Dates? How about 11th July, 25th July or 1st August.  Any preferences or absolute no-can-do's?


----------



## Luci07 (27 June 2015)

Looks good and up for this! All dates are fine for me as well. Thanks for organising this!


----------



## JennBags (27 June 2015)

Can I just be clear here...I'm nowhere near as nice as _GG_ so will most definitely NOT be giving out presents to everyone who comes!  Hmmm maybe we should invite _GG_.... :biggrin3:


----------



## The Fuzzy Furry (27 June 2015)

11th july works best, might be able to swing the other dates tho


----------



## twiggy2 (27 June 2015)

I am up for it depending on dates, work can be last minute so will have to confirm the day before, about and hour and a half from me


----------



## alsxx (28 June 2015)

Unfortunately can't do any of those dates, but will keep an eye on thread and arrangements incase anything does change at this end!


----------



## millikins (28 June 2015)

11th July ok, 25th definitely not, 1st Aug I think is ok.


----------



## Sags_Deer (28 June 2015)

I can't do Saturday's but have fun everyone


----------



## Barlow (29 June 2015)

11th July is good for me, can't do the other two dates


----------



## JennBags (29 June 2015)

OK so let's set 11th July as a definite date, otherwise we'll never do it!  Is the Limeburners ok with everyone?
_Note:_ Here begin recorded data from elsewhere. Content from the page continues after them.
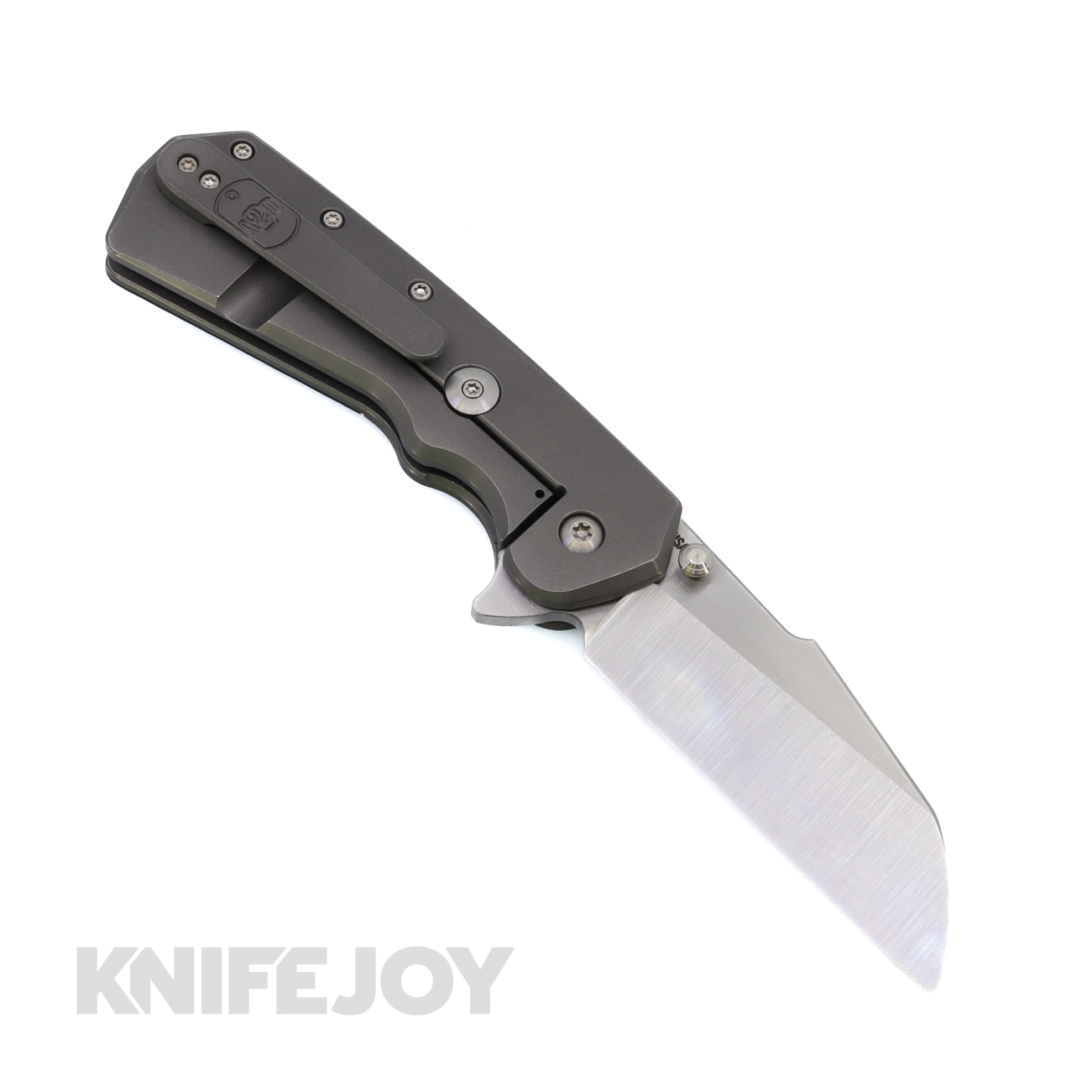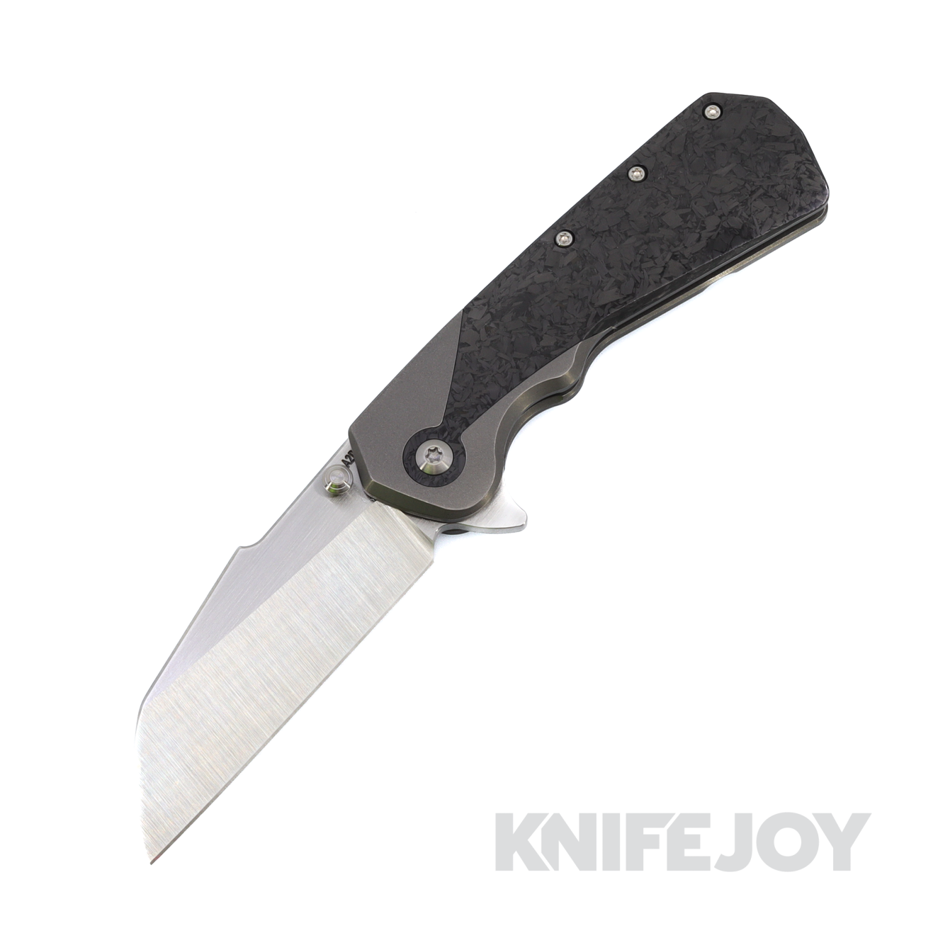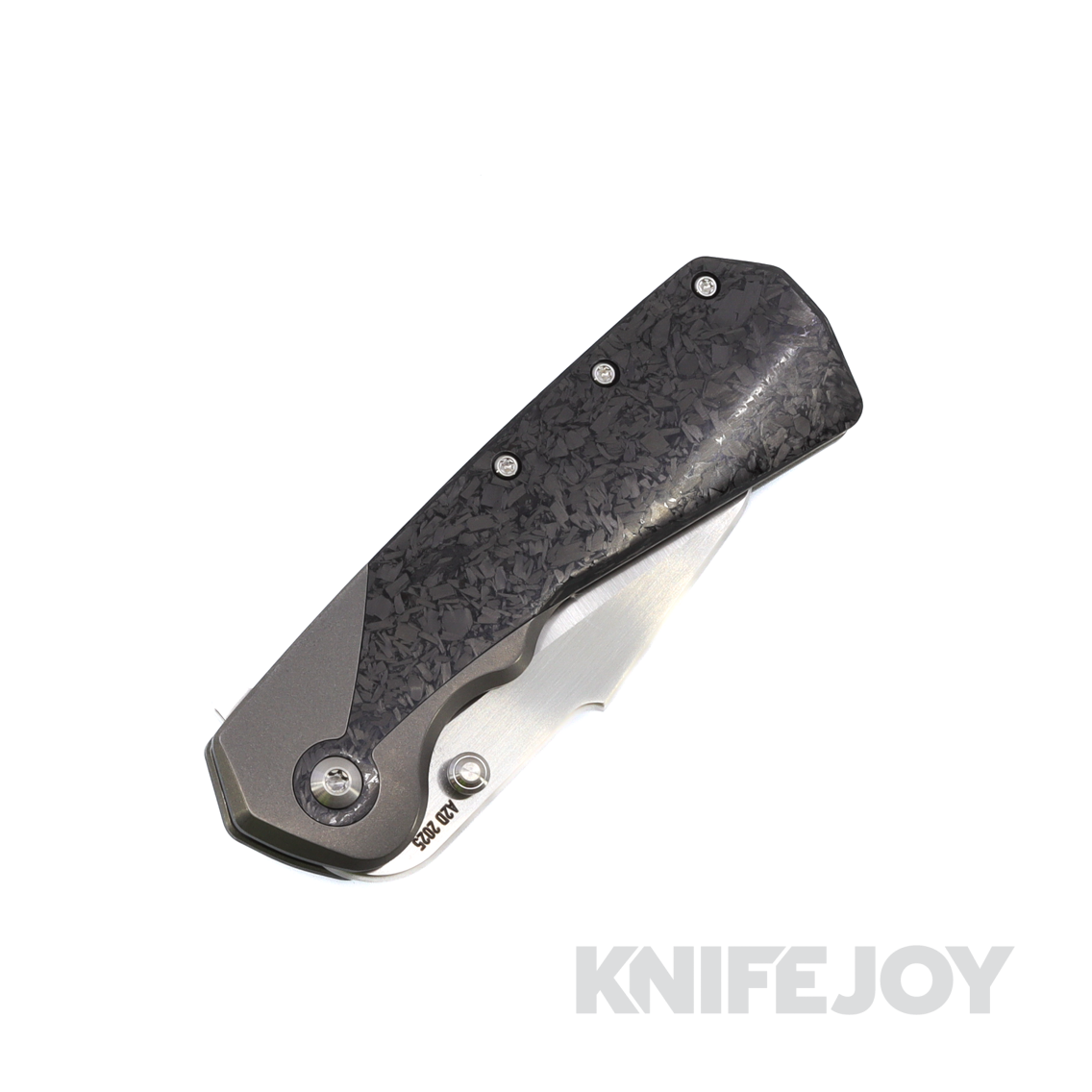 Attn2Detail Mercantile Knives Custom Delta Satin 20CV Sheepsfoot Rising Grind Blade with Carbon Fiber Keyhole Scales and Titanium Handles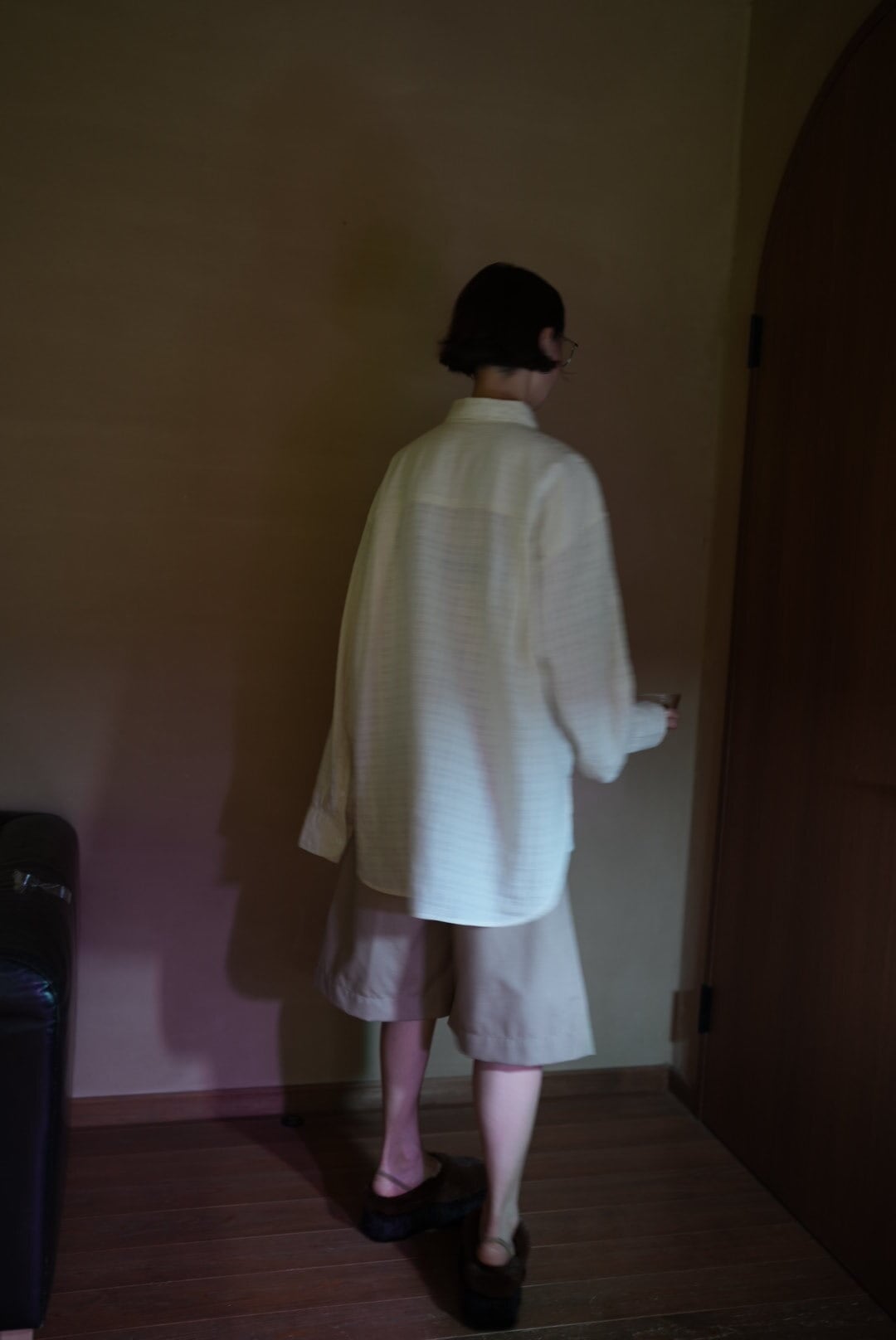 袖も丈も長めで服の中で身体が泳ぐバランス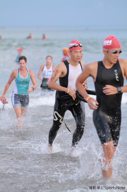 你需要一件下水時穿起來「不會感到胸悶和進水」的三鐵衣(或泳衣)、視野廣角較大的泳鏡,可以加上除霧劑(嚴防在水裡看不到方向)。至於泳帽,主辦單位都會發送,這方面不用太擔心。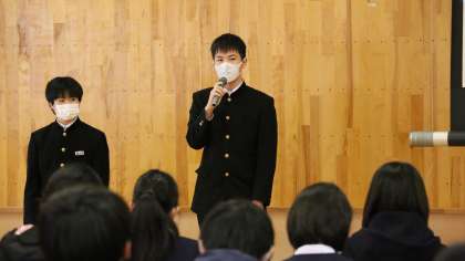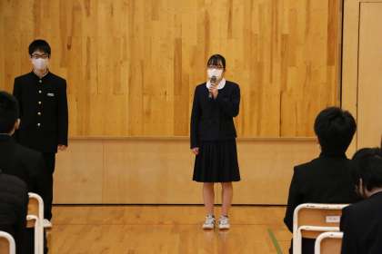 各クラスから代表生徒1名が、2学期を振り返り、がんばってきたことを発表しました。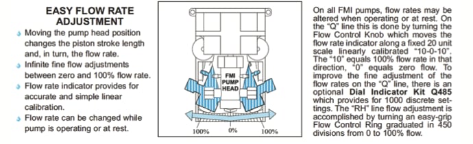 The piston displacement (or volume pumped per stroke) is variable and controlled by the angle of the pump head to the drive. When the pump angle is zero, the pump head is in straight alignment with the drive, and the flow is zero. In this situation, there is no reciprocation and the piston is only rotating. As the angle of the pump head increases above zero in either direction with respect to the drive, the piston reciprocates, and fluid is moved through the pump (see Fig. 2). The greater the angle, the greater the displacement per cycle (also know as stroke). Adjustment is infinite between zero and 100%, and a flow rate indicator provides for accurate and simple linear calibration. The pump is designed so that at any angle and flow rate, the piston always bottoms for maximum bubble clearance. This is especially important for very small dispenses and flow rates, as the presence of even a minute bubble will significantly affect accuracy.
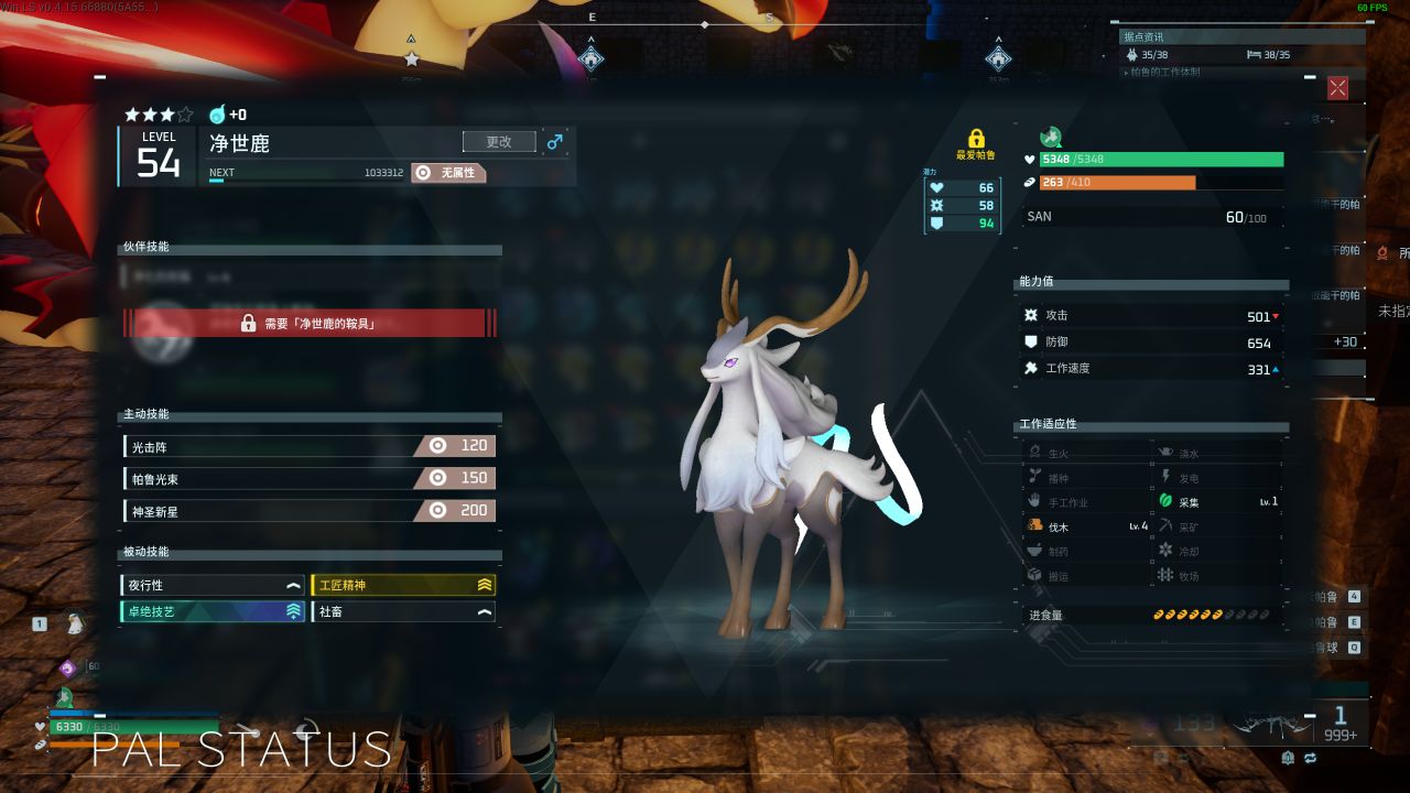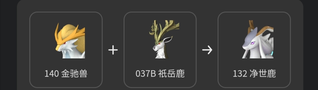 僅有一條配種公式,不過木頭在遊戲裏面使用量感覺不多,前期可用其他各種帶伐木的帕魯代替,後期有想法了再配種淨世鹿,這裏推薦配種出金馳獸然後再去禁獵區捕捉祇嶽鹿

Please can you PM me if you're coming and we can exchange mobile numbers (in case of problems), and I'll book a table for us for lunch, shall we say 12:30 for 1:00?


----------



## ILuvCowparsely (29 June 2015)

Sorry to far for me 1 1/2 hrs and doing something that weekend count me out but have fun gals


----------



## ILuvCowparsely (29 June 2015)

HGA-12 said:



			Sorry to far for me 1 1/2 hrs and doing something that weekend count me out but have fun gals
		
Click to expand...

why not put a pole up with various dates for peeps to click which is best??


----------



## The Fuzzy Furry (29 June 2015)

JennBags said:



			OK so let's set 11th July as a definite date, otherwise we'll never do it!  Is the Limeburners ok with everyone?

Please can you PM me if you're coming and we can exchange mobile numbers (in case of problems), and I'll book a table for us for lunch, shall we say 12:30 for 1:00?
		
Click to expand...

Its now in my diary, will be there 
Will pm you my number


----------



## twiggy2 (29 June 2015)

I am working but hope to see you at the next one-have fun


----------



## Scarlett (30 June 2015)

Cant do 11th but will keep an eye out for another one...


----------



## xxISHxx (30 June 2015)

The 11th is a maybe from me, depends if I'm working or not. I should know by next week


----------



## JennBags (8 July 2015)

xxISHxx said:



			The 11th is a maybe from me, depends if I'm working or not. I should know by next week
		
Click to expand...

Do you know if you're working or not ISH?

It's still on although will be very quiet (in terms of numbers if not volume :wink3: ) so last minute call for any other attendees


----------



## The Fuzzy Furry (8 July 2015)

Oy, to whom are you insinuating about volume??


----------



## xxISHxx (8 July 2015)

Sorry I've been meaning to get online all day, unfortunately I've got to work as we have a load of people off sick. Do you think another one will be arrange?


----------



## JennBags (8 July 2015)

The Fuzzy Furry said:



			Oy, to whom are you insinuating about volume?? 

Click to expand...

*whistles innocently*

Well TFF, if the cap fits... :wink3: :biggrin3:


----------



## Garnet (9 July 2015)

Oh, I have only just seen this and I would love to come, but it is our village fete that afternoon and I am involved with that, so I can't make it this time.
However, if you re-schedule for any reason, I can do 25th July but not 1st August. I'll keep a closer eye on this forum in future . . .


----------



## Sameru (10 July 2015)

I work on Saturdays too  evening would be better for me x


----------



## millikins (10 July 2015)

I pm'd you. Was hoping to come but unexpectedly pony on loan is coming home tomorrow


----------